Exercise objective:
Begin at the line that has "英文1:64滑行压铸锌合金6只装车模 12盒/展示盒(8款随机混装)", stop after the line that has "Parts for Frigidaire", and print exactly those lines from the records below, without any pictures.

Excerpted data:
__________________________________________________

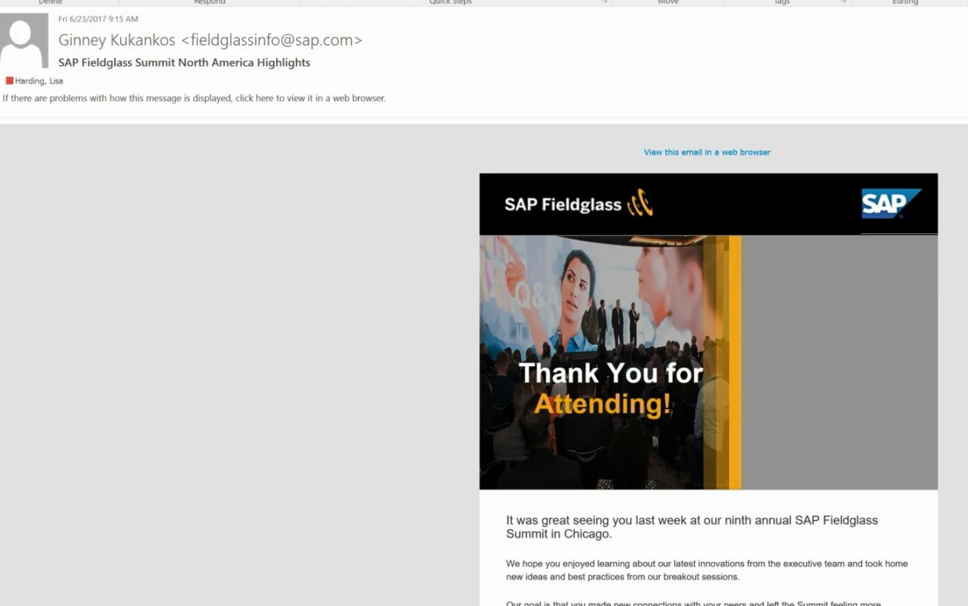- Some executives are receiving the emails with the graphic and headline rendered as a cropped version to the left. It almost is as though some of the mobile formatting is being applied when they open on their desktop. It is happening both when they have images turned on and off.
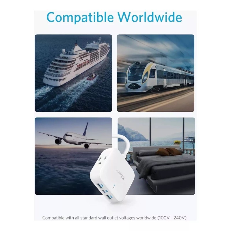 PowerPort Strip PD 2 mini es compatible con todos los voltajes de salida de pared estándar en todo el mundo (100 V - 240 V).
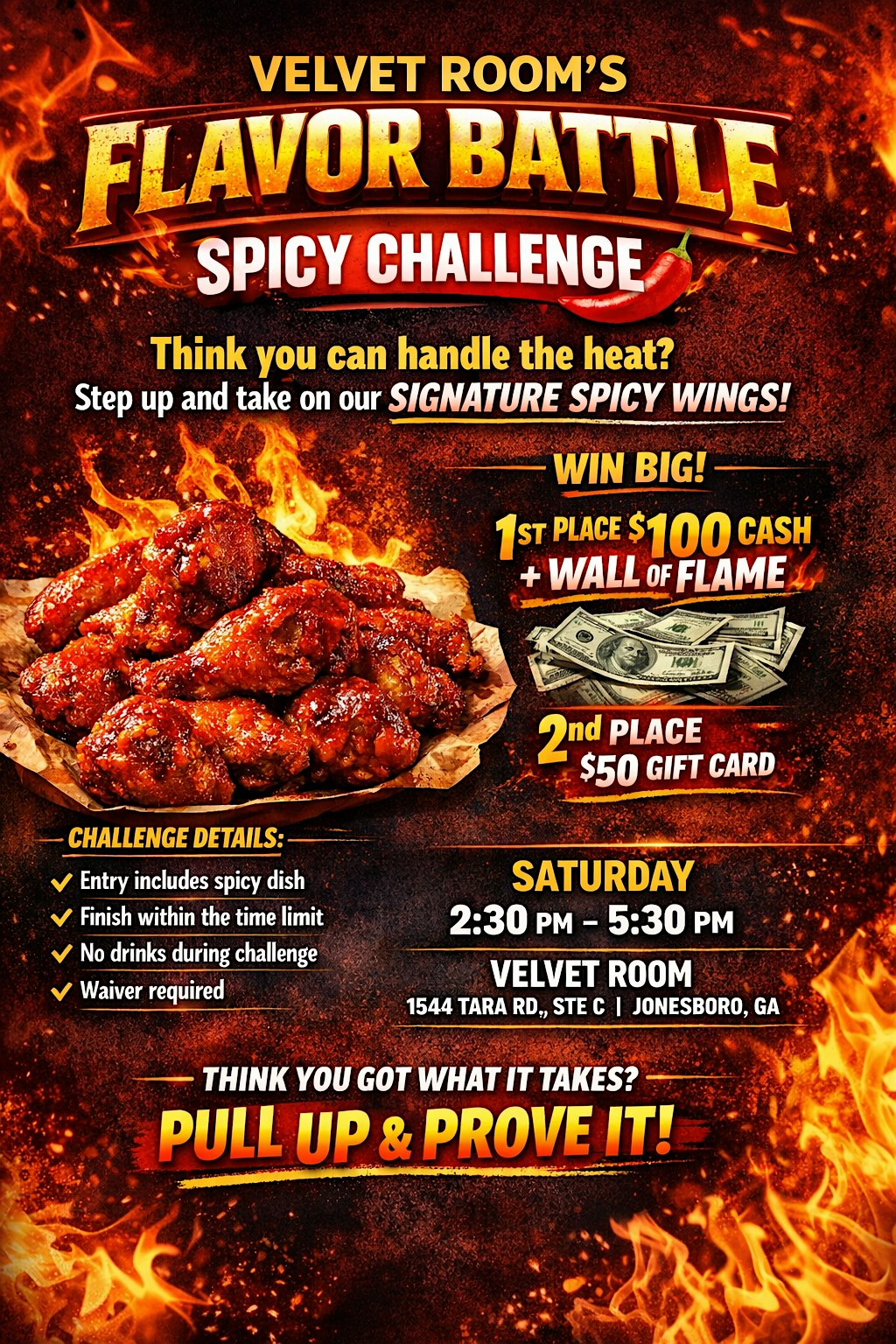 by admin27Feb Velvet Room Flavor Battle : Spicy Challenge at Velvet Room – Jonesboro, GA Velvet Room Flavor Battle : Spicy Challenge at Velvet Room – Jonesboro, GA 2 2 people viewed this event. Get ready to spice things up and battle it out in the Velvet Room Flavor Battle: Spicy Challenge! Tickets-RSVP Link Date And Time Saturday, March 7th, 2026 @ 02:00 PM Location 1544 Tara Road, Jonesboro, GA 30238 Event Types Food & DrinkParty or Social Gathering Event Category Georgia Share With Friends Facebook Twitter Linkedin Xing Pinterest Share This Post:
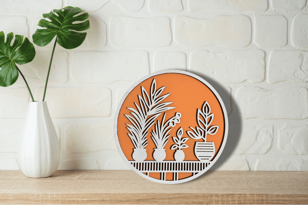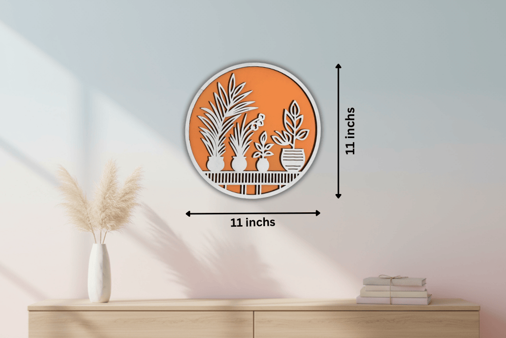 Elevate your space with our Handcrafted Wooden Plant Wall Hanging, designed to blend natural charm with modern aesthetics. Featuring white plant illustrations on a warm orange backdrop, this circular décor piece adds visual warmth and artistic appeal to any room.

__________________________________________________

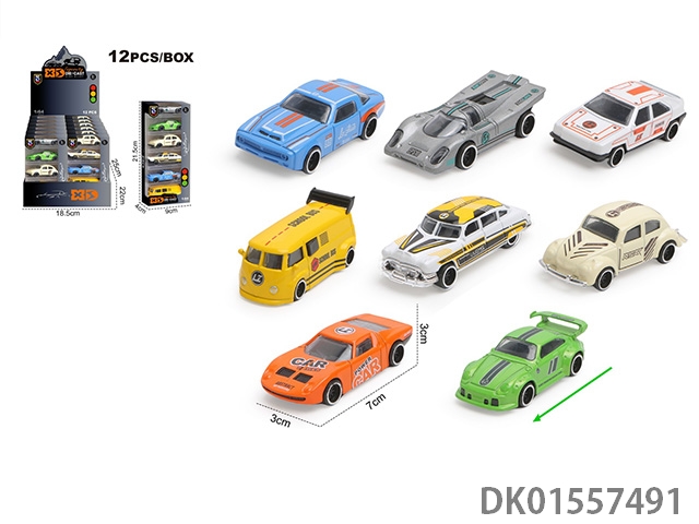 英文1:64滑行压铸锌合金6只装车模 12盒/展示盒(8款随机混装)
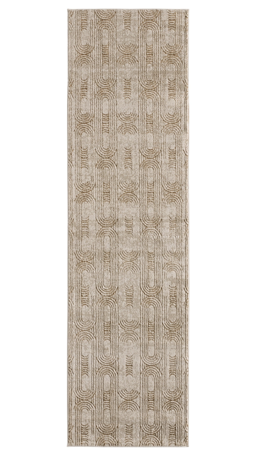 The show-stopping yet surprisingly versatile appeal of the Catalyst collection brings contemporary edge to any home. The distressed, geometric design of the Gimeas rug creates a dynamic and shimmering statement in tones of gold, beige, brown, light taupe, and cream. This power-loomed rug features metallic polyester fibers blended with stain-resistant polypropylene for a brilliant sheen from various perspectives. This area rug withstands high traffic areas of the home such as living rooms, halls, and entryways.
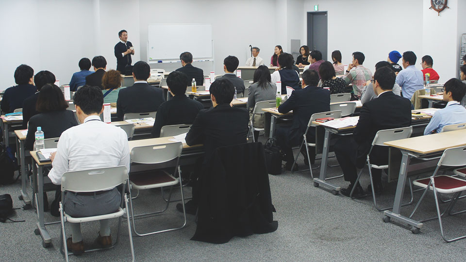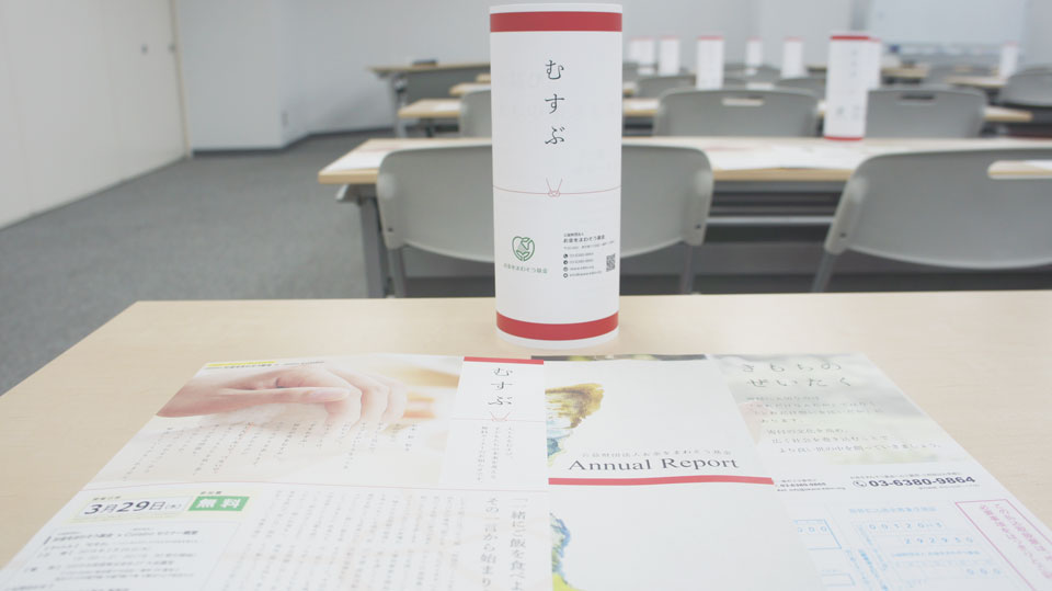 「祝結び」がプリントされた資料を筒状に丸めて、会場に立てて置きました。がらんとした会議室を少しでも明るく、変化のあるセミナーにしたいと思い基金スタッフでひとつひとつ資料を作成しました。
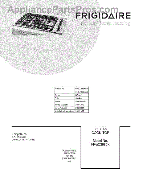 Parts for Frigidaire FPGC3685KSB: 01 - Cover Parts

__________________________________________________

Result of this exercise:
 英文1:64滑行压铸锌合金6只装车模 12盒/展示盒(8款随机混装)
 The show-stopping yet surprisingly versatile appeal of the Catalyst collection brings contemporary edge to any home. The distressed, geometric design of the Gimeas rug creates a dynamic and shimmering statement in tones of gold, beige, brown, light taupe, and cream. This power-loomed rug features metallic polyester fibers blended with stain-resistant polypropylene for a brilliant sheen from various perspectives. This area rug withstands high traffic areas of the home such as living rooms, halls, and entryways.
 「祝結び」がプリントされた資料を筒状に丸めて、会場に立てて置きました。がらんとした会議室を少しでも明るく、変化のあるセミナーにしたいと思い基金スタッフでひとつひとつ資料を作成しました。
 Parts for Frigidaire FPGC3685KSB: 01 - Cover Parts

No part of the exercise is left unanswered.